# Folklore dance



## Levanda (Feb 3, 2014)

I want to share my love of different dances special of Folklore dances in my youths I used danced Lithuanian folklore group calling "Veritas" we had great times, we danced around all Lithuania at factories, parks and what are beautiful costumes we had but anyway past times. Yes of course my favourite are would Russian and I love Georgian dances as can be more aggressive dancing principles. 





Recently I watched on youtube Chilean folk dance oh I love, I adore ,I could not sit still when I see it. So I started dance on my own in front of TV ah seems mad but was such great time without dancing partner.

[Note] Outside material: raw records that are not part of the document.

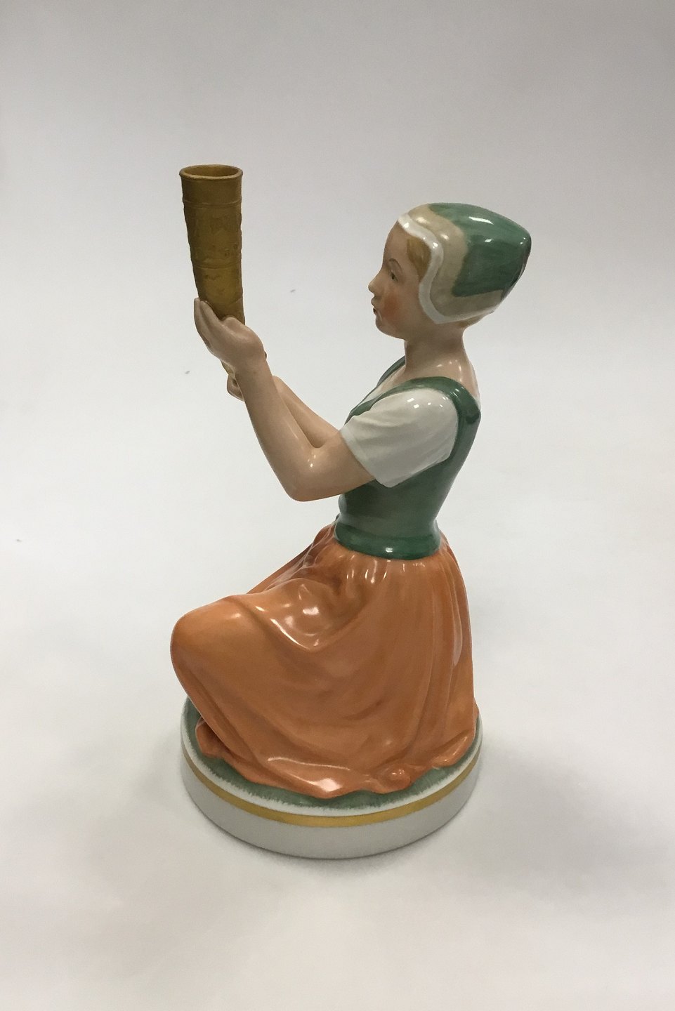 Royal Copenhagen Figurine Girl with the Horn of Gold No 12242. Measures 22 cm / 8 21/32 in. Designed by Holger Christensen
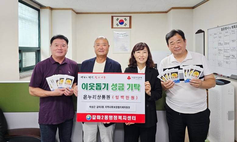 [서구 세계타임즈=이채봉 기자] 대전 서구(구청장 서철모) 갈마2동 행정복지센터는 박상근 갈마2동 지역사회보장협의체 위원장이 온누리상품권 100만 원을 기탁했다고 25일 전했다.
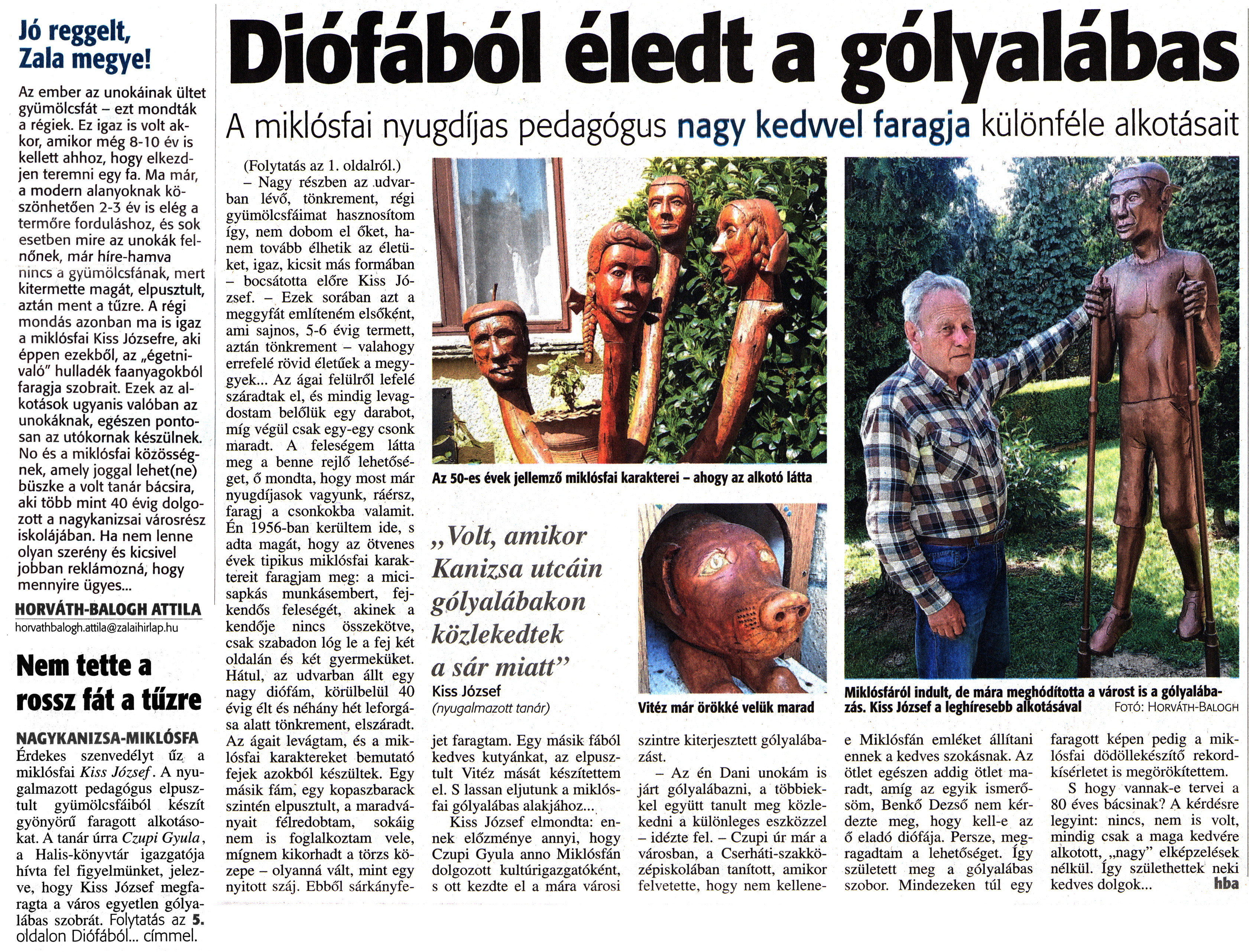 Nyilvános 1505 | 2390 | Zalai Hírlap 2017. május 24. 119. szám 5. oldal - Diófából éledt a gólyalábas | Jó reggelt, Zala megyei Az ember az unokáinak ültet gyümölcsfát - ezt mondták a régiek. Ez igaz is volt akkor, amikor még 8-10 év is kellett ahhoz, hogy elkezdjen teremni egy fa. Ma már, a modern alanyoknak köszönhetően 2-3 év is elég a termőre forduláshoz, és sok esetben mire az unokák felnőnek, már híre-hamva nincs a gyümölcsfának, mert kitermette magát, elpusztult, aztán ment a tűzre. A régi mondás azonban ma is igaz a miklósfai Kiss Józsefre, aki éppen ezekből, az „égetni-való" hulladék faanyagokból faragja szobrait. Ezek az alkotások ugyanis valóban az unokáknak, egészen pontosan az utókornak készülnek. No és a miklósfai közösségnek, amely joggal lehet(ne) büszke a volt tanár bácsira, aki több mint 40 évig dolgozott a nagykanizsai városrész iskolájában. Ha nem lenne olyan szerény és kicsivel jobban reklámozná, hogy mennyire ügyes... HORVÁTH-BALOGH ATTILA horvathbalogh.attila@zalaihirlap.hu Nem tette a rossz fát a tűzre NAGYKANIZSA-MIKLÓSFA Érdekes szenvedélyt űz a miklósfai Kiss József. A nyugalmazott pedagógus elpusztult gyümölcsfáiból készít gyönyörű faragott alkotásokat. A tanár úrra Czupi Gyula, a Halis-könyvtár igazgatója hívta fel figyelmünket, jelezve, hogy Kiss József megfaragta a város egyetlen gólyalábas szobrát. Folytatás az 5. oldalon Diófából... címmel. Diófából éledt a gólyalábas A miklósfai nyugdíjas pedagógus nagy kedvvel faragja különféle alkotásait Miklósfáról indult, de mára meghódította a várost is a gólyalábazás. Kiss József a leghíresebb alkotásával Fotó: Horváth-Balogh e Miklósfán emléket állítani ennek a kedves szokásnak. Az ötlet egészen addig ötlet maradt, amíg az egyik ismerősöm, Benkő Dezső nem kérdezte meg, hogy kell-e az ő eladó diófája. Persze, megragadtam a lehetőséget. így született meg a gólyalábas szobor. Mindezeken túl egy faragott képen pedig a miklósfai dödöllekészítő rekordkísérletet is megörökítettem. S hogy vannak-e tervei a 80 éves bácsinak? A kérdésre legyint: nincs, nem is volt, mindig csak a maga kedvére alkotott, „nagy" elképzelések nélkül. így születhettek neki kedves dolgok... Hba (Folytatás az 1. oldalról.) - Nagy részben az udvarban lévő, tönkrement, régi gyümölcsfáimat hasznosítom így, nem dobom el őket, hanem tovább élhetik az életüket, igaz, kicsit más formában - bocsátotta előre Kiss József. - Ezek sorában azt a meggyfát említeném elsőként, ami sajnos, 5-6 évig termett, aztán tönkrement - valahogy errefelé rövid életűek a meggyek... Az ágai felülről lefelé száradtak el, és mindig levagdostam belőlük egy darabot, míg végül csak egy-egy csonk maradt. A feleségem látta meg a benne rejlő lehetőséget, ő mondta, hogy most már nyugdíjasok vagyunk, ráérsz, faragj a csonkokba valamit. Én 1956-ban kerültem ide, s adta magát, hogy az ötvenes évek tipikus miklósfai karaktereit faragjam meg: a mici-sapkás munkásembert, fejkendős feleségét, akinek a kendője nincs összekötve, csak szabadon lóg le a fej két oldalán és két gyermeküket. Hátul, az udvarban állt egy nagy diófám, körülbelül 40 évig élt és néhány hét leforgása alatt tönkrement, elszáradt. Az ágait levágtam, és a miklósfai karaktereket bemutató fejek azokból készültek. Egy másik fám, egy kopaszbarack szintén elpusztult, a maradványait félredobtam, sokáig nem is foglalkoztam vele, mígnem kikorhadt a törzs közepe - olyanná vált, mint egy nyitott száj. Ebből sárkányfejet faragtam. Egy másik fából kedves kutyánkat, az elpusztult Vitéz mását készítettem el. S lassan eljutunk a miklósfai gólyalábas alakjához... Kiss József elmondta: ennek előzménye annyi, hogy Czupi Gyula anno Miklósfán dolgozott kultúrigazgatóként, s ott kezdte el a mára városi Vitéz már örökké velük marad szintre kiterjesztett gólyalábazást. - Az én Dani unokám is járt gólyalábazni, a többiekkel együtt tanult meg közlekedni a különleges eszközzel - idézte fel. - Czupi úr már a városban, a Cserháti-szakközépiskolában tanított, amikor felvetette, hogy nem kellene- Az 50-es évek jellemző miklósfai karakterei - ahogy az alkotó látta „ Volt, amikor Kanizsa utcáin gólyalábakon közlekedtek a sár miatt" Kiss József (nyugalmazott tanár) |

And I adore Jewish dancing special with the bottles on the hats. Vow.


----------



## drpraetorus (Aug 9, 2012)

When I was in college, many years ago, I was in a folkdance group. Mostly North European but also some Pacific Islander dances. I also was in a Scottish pipe band and learned Highland dancing and Scottish Country Dancing. I was pretty good at it. Unfortunately, I broke a cartilage in my knee practicing the Russian move with the deep knee bends. I don't dance much any more.




The one at the end killed my knee


----------



## Levanda (Feb 3, 2014)

Oh I am sorry for your pain about a knee. Still you can watch and enjoy on youtube good dances.


----------



## Posie (Aug 18, 2013)

Thank you for posting. I am obsessed with Chile and Chilean culture; I loved the dance. Maybe you could post your favorite clip of a Lithuanian dance?


----------



## Levanda (Feb 3, 2014)

As myself Lithuanian hash to admit I don't have my favourite Lithuanian dance, I do like them a lot of, for me more pleasant to see Russian dancing and other different cultures dances. I will post later them. Many thanks Levanda.


----------